TL;DR not-a-rant rant

When I talk to friends who work on human language (#nlproc), I notice two tribes of people. These are folks who do Natural Language Processing and folks who do Computational Linguistics. This distinction is not mine and is blurry, but I think it explains some of the differences in values different researchers place when they see new work.

Natural Language Processing develops methods for solving practical problems involving language, such as information extraction, automatic speech recognition, machine translation, sentiment analysis, question answering, summarization, and so on.

Computational Linguistics studies the computational processes underlying human language. How do we understand language? How do we produce language? How do we learn language? What relationships to languages have with each other? and so on.

In literature, it is common to see a crossover of methods and researchers, from computational linguistics to natural language processing and vice-versa. Lessons from computational linguistics about language can be used to inform priors in natural language processing, and statistical/machine learning methods from NLP can be applied to answer questions Computational Linguistics seeks to answer. In fact, some of these questions have ballooned into disciplines of their own, like Phonology, Morphology, Syntax, Semantics, and Pragmatics.

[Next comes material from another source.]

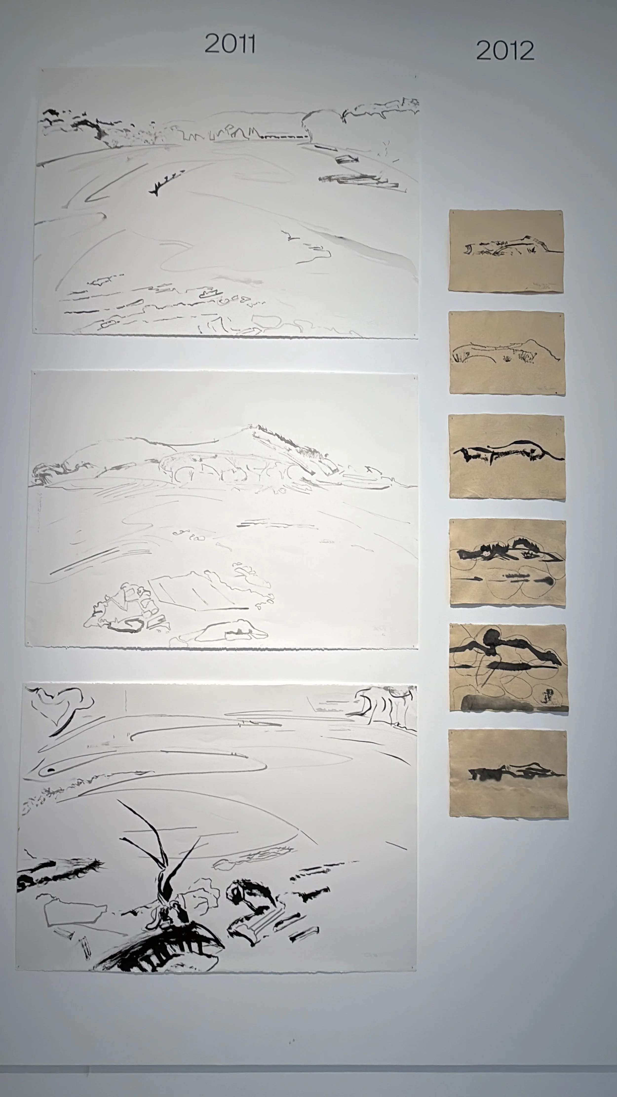 Wall 7, 2011, Left, the estuary, ink on watercolour paper; 2012, right, ink on Vietnamese rice paper.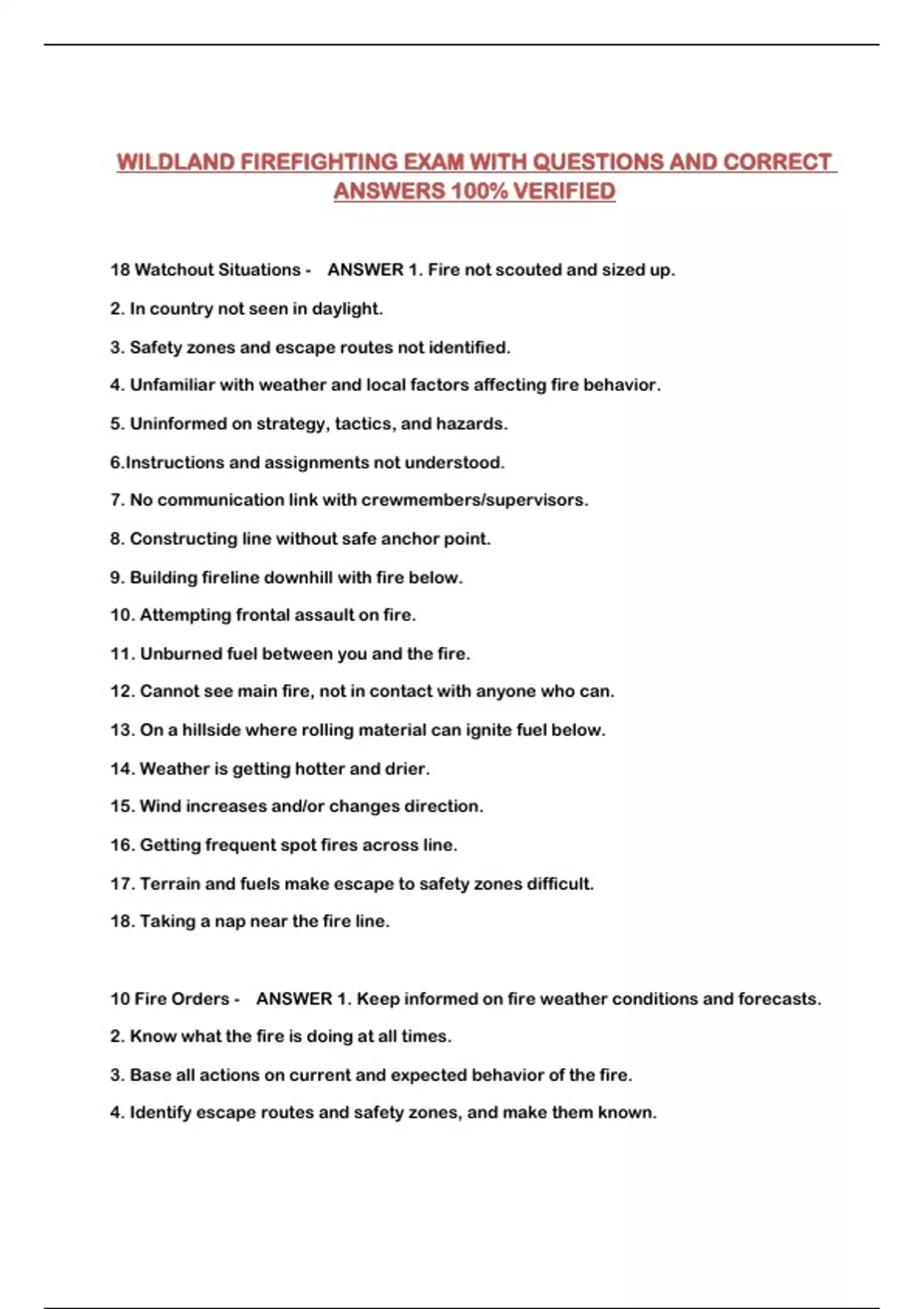WILDLAND FIREFIGHTING EXAM WITH QUESTIONS AND CORRECT

It helps to know where you stand. Most language folks in the industry (particularly, those focused on products) fall into camp 1: Natural Language Processing. These folks will use “whatever works.” For them, language is a dataset to be plied until they solve a core product problem using any possible tool/method.

Then there are linguists and cognitive scientists who fall into camp 2: Computational Linguistics. While these folks can talk all day about different grammar formalisms, human experiments, social factors, and so on, make no mistake, the folks who study computational linguistics can be pretty computational about it too. For example, see works by Paul Smolensky. For them, the computation is a means to an end. They are more interested in explaining the various language phenomena.

Then, there are folks who like to be in both camps. These are usually (ex-)academics with one foot in the CS department and another in CogSci department. Most good language researchers seem to fall in this part of the continuum.

When you talk to a colleague about your problem, you might feel they “don’t get you,” but in reality, they just stand at a different part of this distribution, and if you communicate well, they will be willing to see your point of view*. There’s a lot to learn from each camp. Learn from all of them. One small insight from a computational linguist can save you teraflops of compute time. And likewise, a tiny idea/approach from an NLPer can save you from a ton of manual work as a linguist.

(*Then there’s a third tribe that likes to work on a particular ML or stats method and wants to advance that agenda. Like the NLP folks, they just view language as data. They have a hammer and pretend to see everything as a nail, whether it is or not. But unlike the NLP folks, they will not care for other methods, other than their narrow agenda. They will go out of their way to justify that their hammer is the only thing in the world you should be using. They’re usually not so interesting to talk to, unless you happen to be using their hammer.)

PS: I’m intentionally not using words like “intelligence”, “thought” etc but leaving it to the PR people.